Exercise aim: Omitting all pictures, print the lines of the listing from the one containing "Угловая шлифмашина Интерскол" through the final line, both ends included, with no other text.
----- Recorded information -----
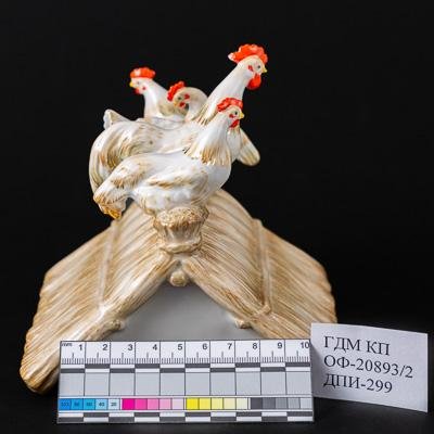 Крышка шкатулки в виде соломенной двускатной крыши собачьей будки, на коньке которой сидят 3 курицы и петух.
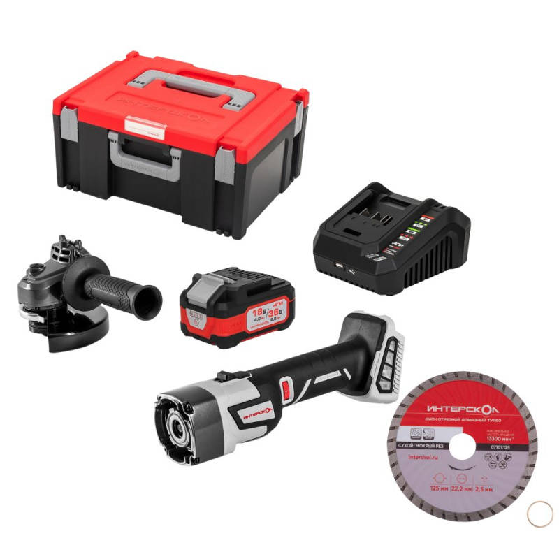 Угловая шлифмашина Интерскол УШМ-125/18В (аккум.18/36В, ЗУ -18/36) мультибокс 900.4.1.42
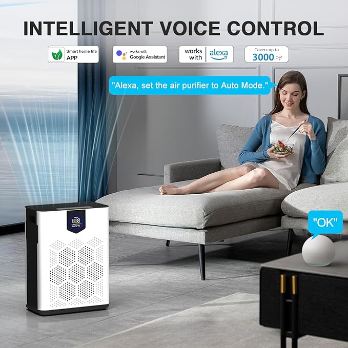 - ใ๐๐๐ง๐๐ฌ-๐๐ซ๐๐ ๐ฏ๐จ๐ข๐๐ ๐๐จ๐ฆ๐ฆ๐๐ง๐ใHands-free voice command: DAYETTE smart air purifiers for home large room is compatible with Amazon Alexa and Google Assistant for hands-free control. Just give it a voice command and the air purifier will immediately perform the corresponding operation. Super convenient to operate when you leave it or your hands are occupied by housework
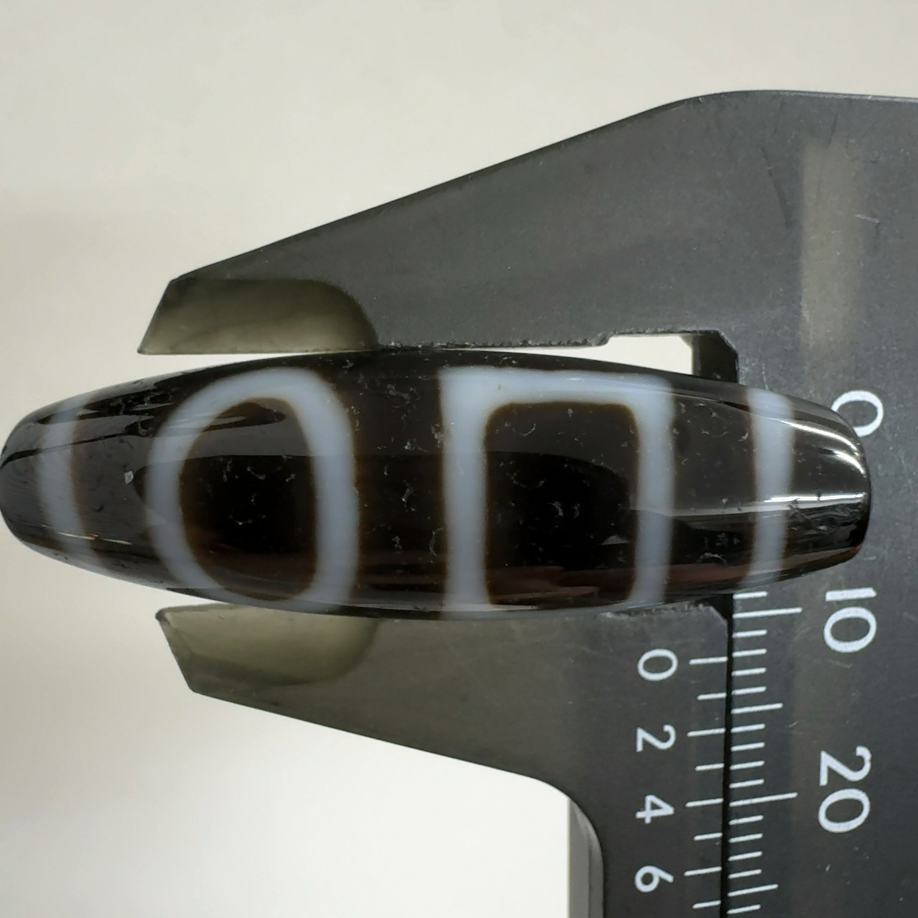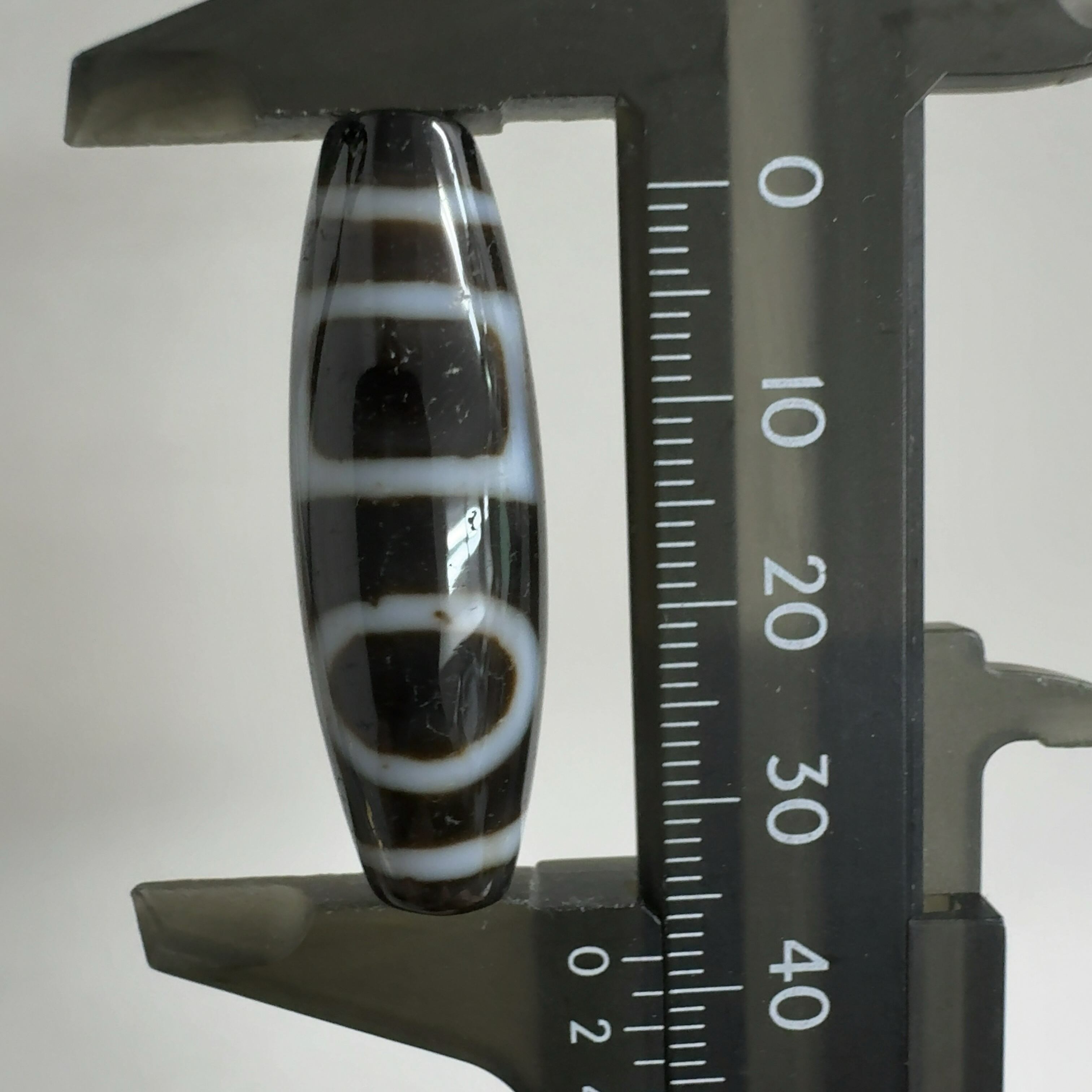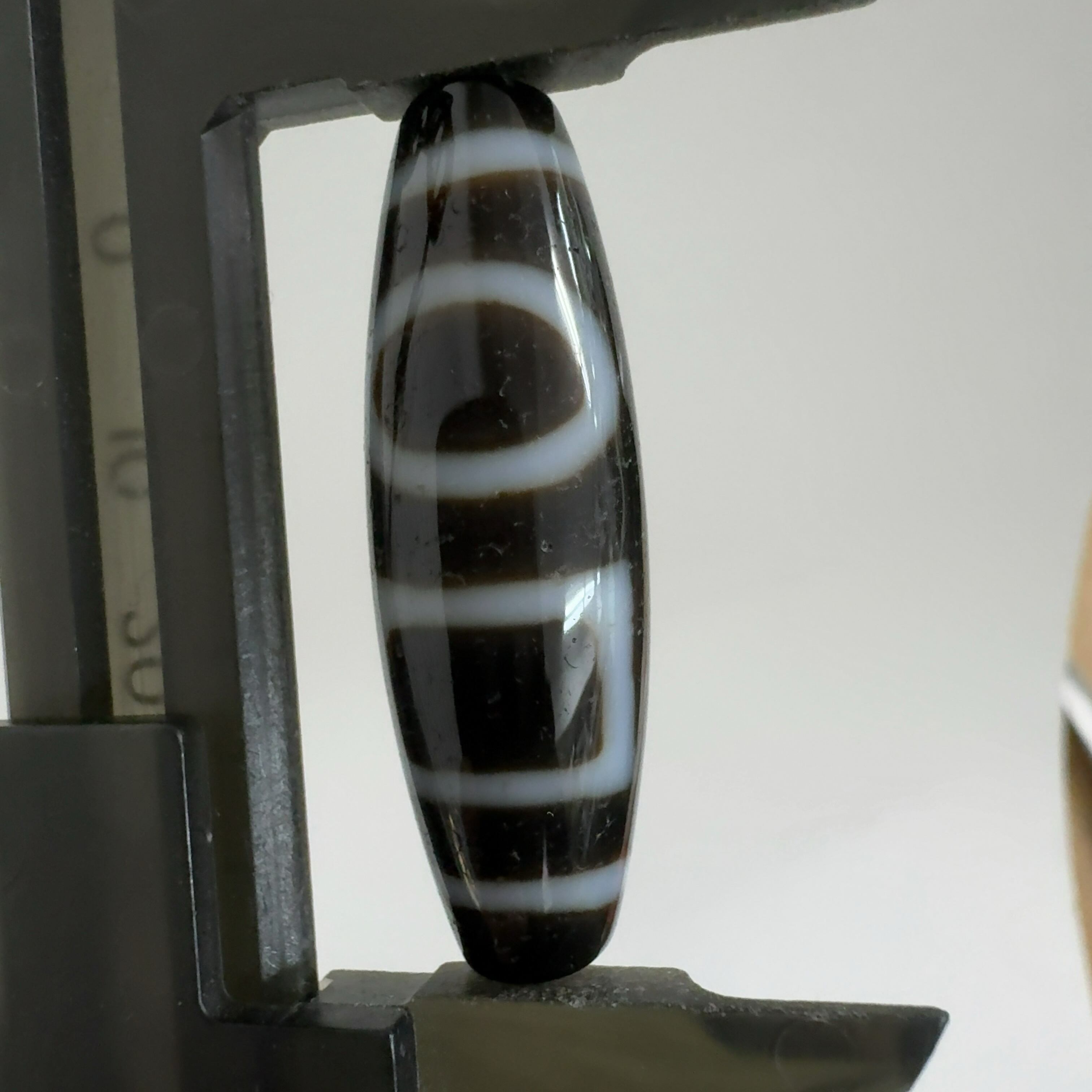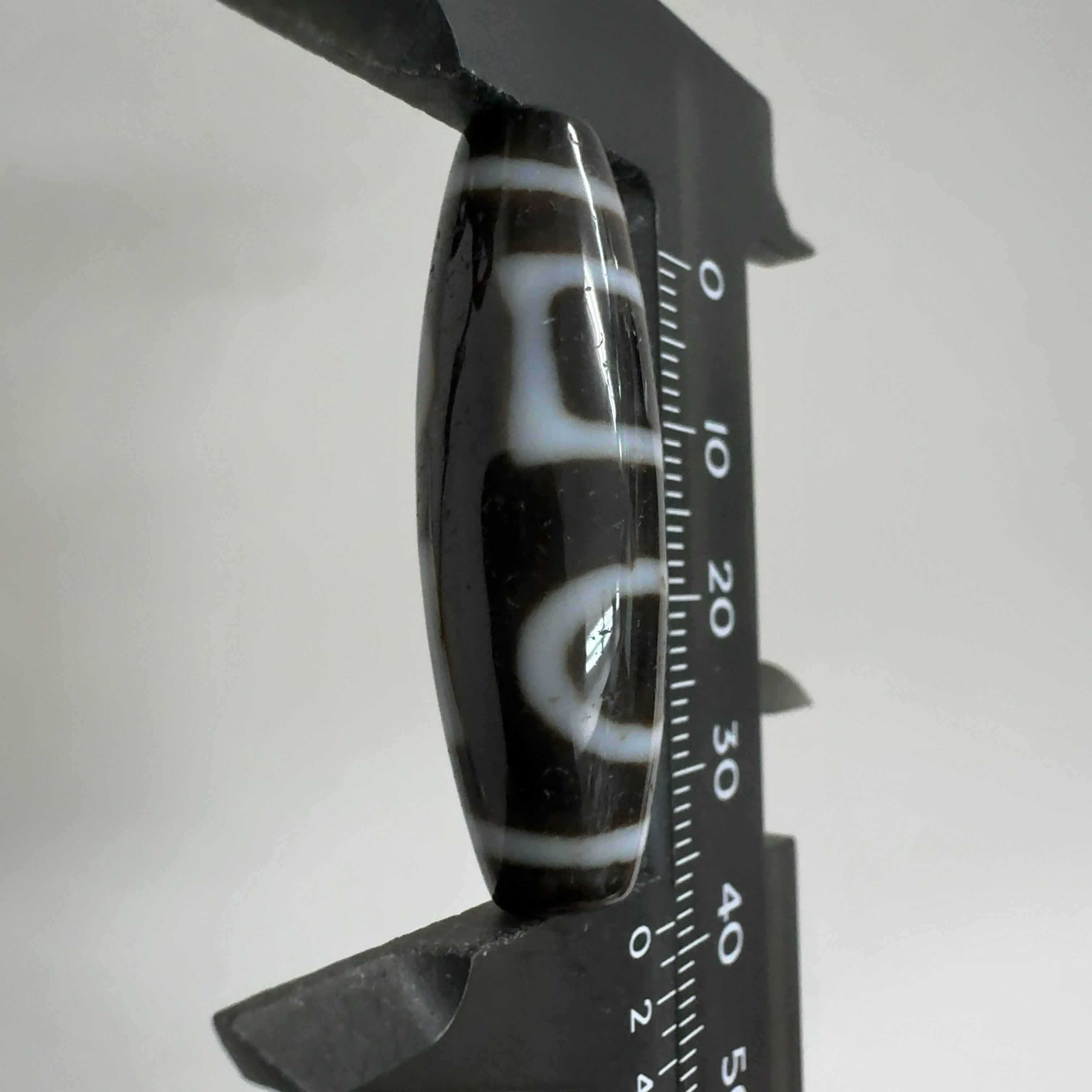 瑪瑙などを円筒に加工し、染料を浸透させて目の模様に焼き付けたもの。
-----
The completed task:
 Угловая шлифмашина Интерскол УШМ-125/18В (аккум.18/36В, ЗУ -18/36) мультибокс 900.4.1.42
 - ใ๐๐๐ง๐๐ฌ-๐๐ซ๐๐ ๐ฏ๐จ๐ข๐๐ ๐๐จ๐ฆ๐ฆ๐๐ง๐ใHands-free voice command: DAYETTE smart air purifiers for home large room is compatible with Amazon Alexa and Google Assistant for hands-free control. Just give it a voice command and the air purifier will immediately perform the corresponding operation. Super convenient to operate when you leave it or your hands are occupied by housework
 瑪瑙などを円筒に加工し、染料を浸透させて目の模様に焼き付けたもの。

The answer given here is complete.